--- Directions for this task ---
Reproduce the lines below exactly, from the one containing "We became aware" through the one containing "non elle l'explique", both included. Leave out any pictures.

--- Raw data ---

----

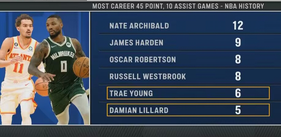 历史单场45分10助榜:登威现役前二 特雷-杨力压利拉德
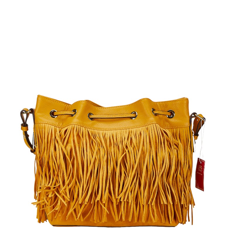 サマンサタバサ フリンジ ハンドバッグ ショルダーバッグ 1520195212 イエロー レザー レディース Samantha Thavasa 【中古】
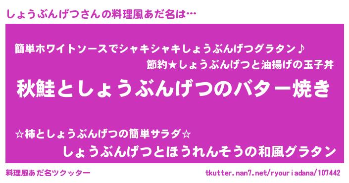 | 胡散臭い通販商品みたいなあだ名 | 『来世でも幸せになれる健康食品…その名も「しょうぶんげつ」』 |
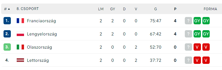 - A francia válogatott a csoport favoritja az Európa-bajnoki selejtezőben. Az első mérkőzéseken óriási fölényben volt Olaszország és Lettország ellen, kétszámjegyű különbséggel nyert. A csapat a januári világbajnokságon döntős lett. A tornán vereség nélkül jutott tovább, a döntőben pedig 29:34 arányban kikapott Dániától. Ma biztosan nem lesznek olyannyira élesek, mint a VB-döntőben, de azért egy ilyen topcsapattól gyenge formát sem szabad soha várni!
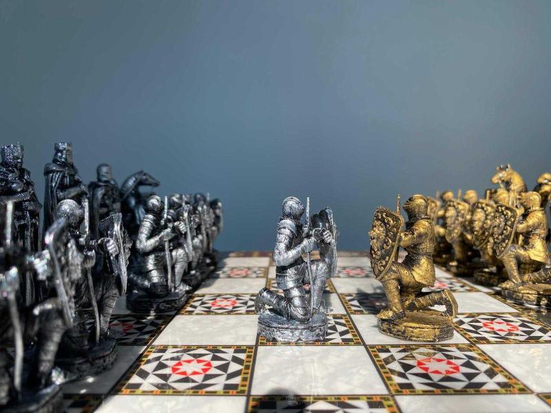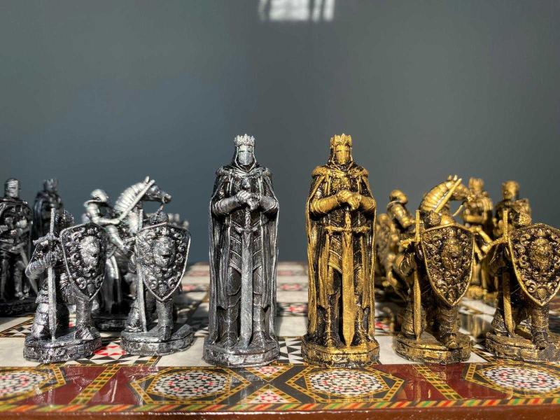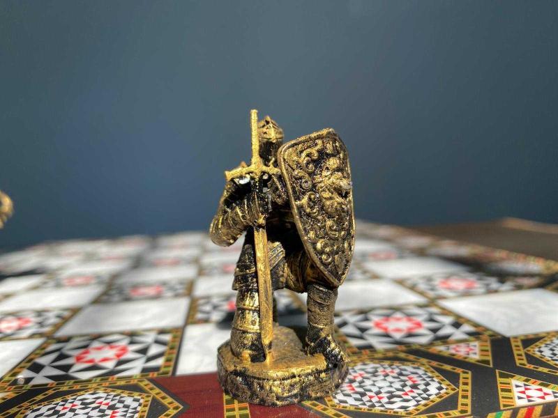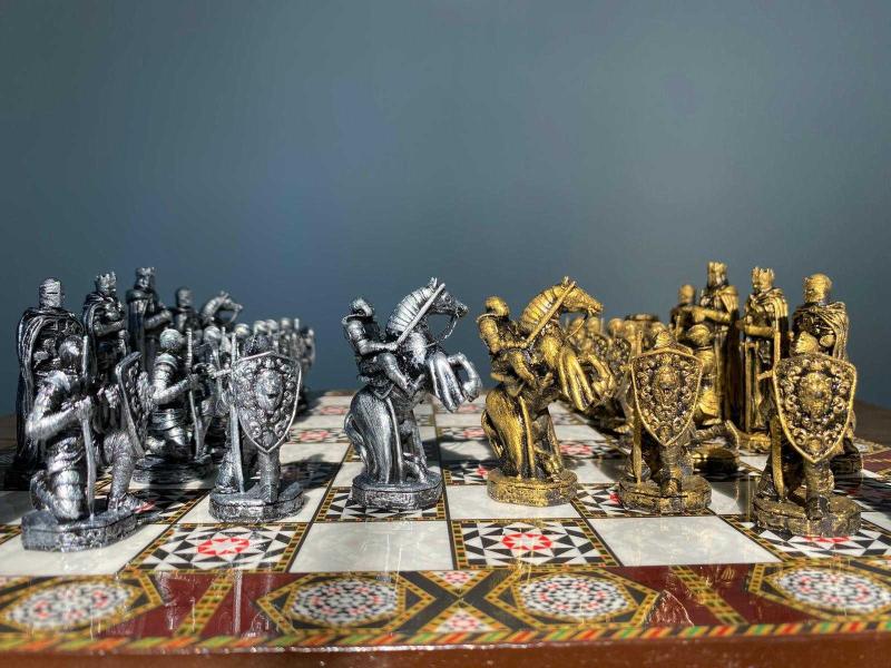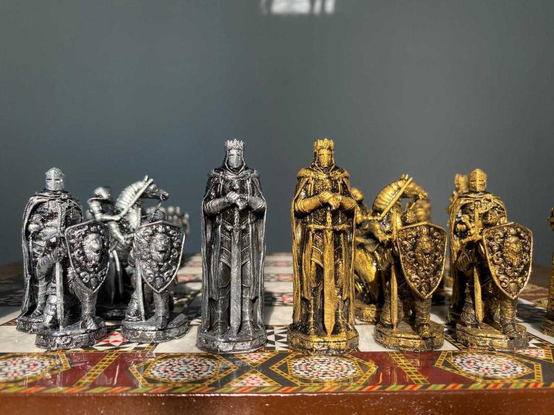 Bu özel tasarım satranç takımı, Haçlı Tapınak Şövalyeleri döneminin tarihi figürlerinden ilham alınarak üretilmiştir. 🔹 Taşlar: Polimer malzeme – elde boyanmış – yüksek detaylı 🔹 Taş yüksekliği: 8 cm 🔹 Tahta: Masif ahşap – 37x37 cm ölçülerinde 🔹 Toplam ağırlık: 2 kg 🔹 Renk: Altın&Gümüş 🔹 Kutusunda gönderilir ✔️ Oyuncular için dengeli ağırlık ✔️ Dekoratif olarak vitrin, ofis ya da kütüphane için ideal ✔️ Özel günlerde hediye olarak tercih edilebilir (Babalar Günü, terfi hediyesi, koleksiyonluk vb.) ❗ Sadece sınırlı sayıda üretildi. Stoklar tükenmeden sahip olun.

----

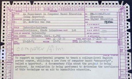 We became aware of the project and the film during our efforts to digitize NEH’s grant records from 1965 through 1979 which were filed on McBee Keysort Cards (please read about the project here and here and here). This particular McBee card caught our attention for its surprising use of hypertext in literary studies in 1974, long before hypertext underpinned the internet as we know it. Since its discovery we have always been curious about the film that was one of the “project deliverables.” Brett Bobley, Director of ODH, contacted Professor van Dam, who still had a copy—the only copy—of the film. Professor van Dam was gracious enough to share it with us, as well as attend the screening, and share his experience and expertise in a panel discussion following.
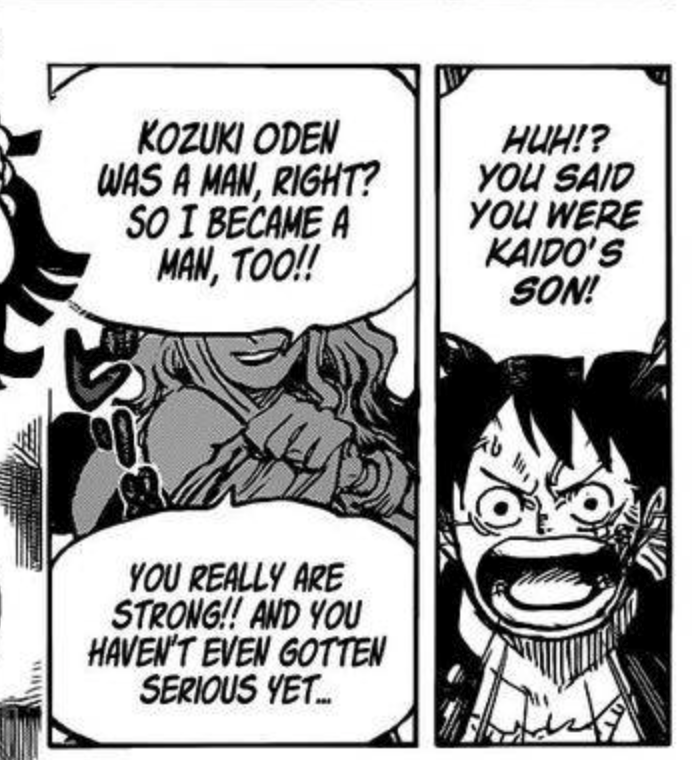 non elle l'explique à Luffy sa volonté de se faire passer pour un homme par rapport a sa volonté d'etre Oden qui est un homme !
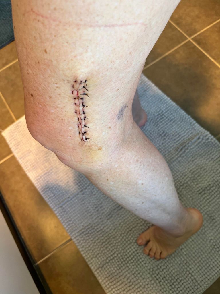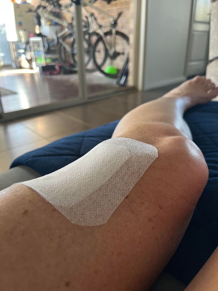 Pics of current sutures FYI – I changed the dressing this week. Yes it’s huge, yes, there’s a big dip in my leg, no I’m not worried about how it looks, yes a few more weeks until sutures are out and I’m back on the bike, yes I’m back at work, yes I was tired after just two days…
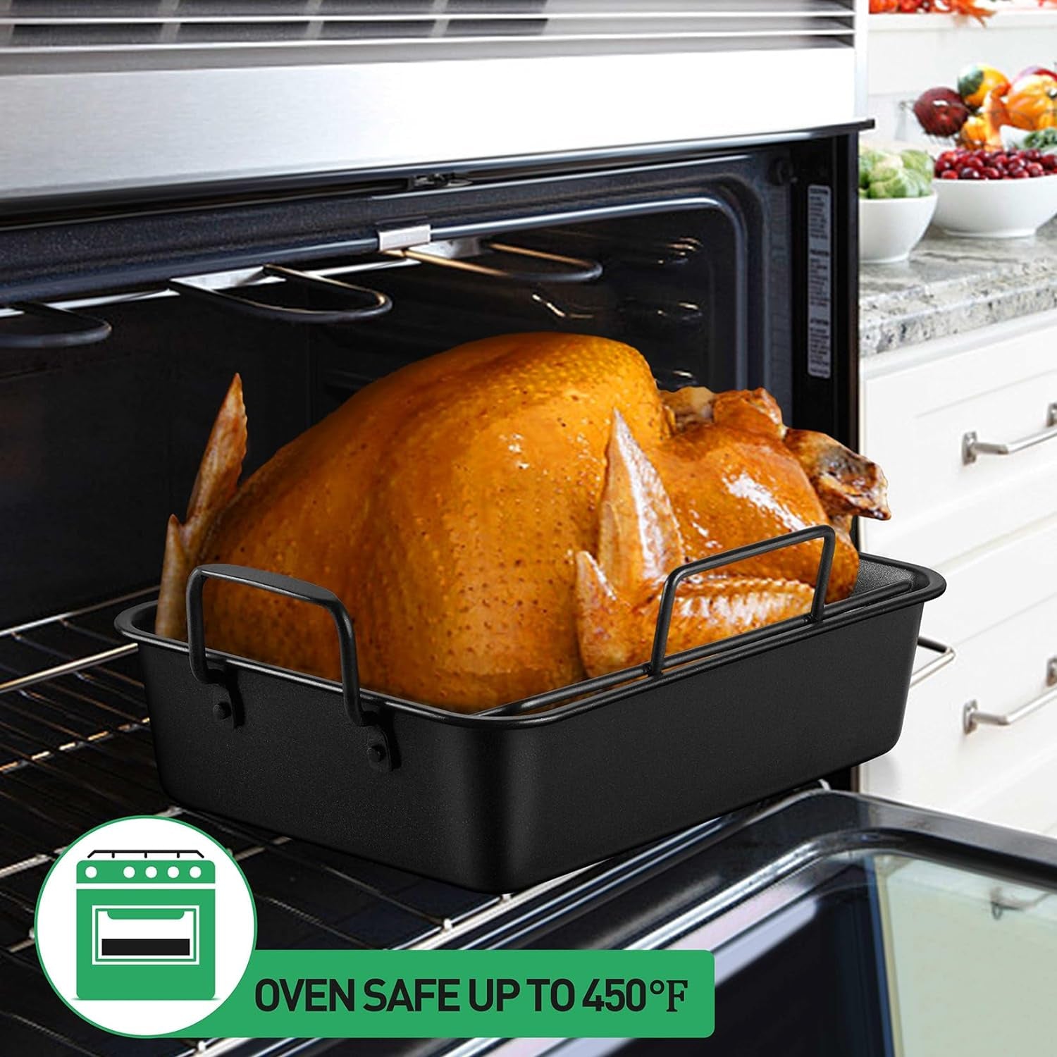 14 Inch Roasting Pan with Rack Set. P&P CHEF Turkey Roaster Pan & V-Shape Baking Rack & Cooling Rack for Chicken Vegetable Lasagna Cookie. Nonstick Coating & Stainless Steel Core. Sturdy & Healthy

----

--- Answer box ---
 We became aware of the project and the film during our efforts to digitize NEH’s grant records from 1965 through 1979 which were filed on McBee Keysort Cards (please read about the project here and here and here). This particular McBee card caught our attention for its surprising use of hypertext in literary studies in 1974, long before hypertext underpinned the internet as we know it. Since its discovery we have always been curious about the film that was one of the “project deliverables.” Brett Bobley, Director of ODH, contacted Professor van Dam, who still had a copy—the only copy—of the film. Professor van Dam was gracious enough to share it with us, as well as attend the screening, and share his experience and expertise in a panel discussion following.
 non elle l'explique à Luffy sa volonté de se faire passer pour un homme par rapport a sa volonté d'etre Oden qui est un homme !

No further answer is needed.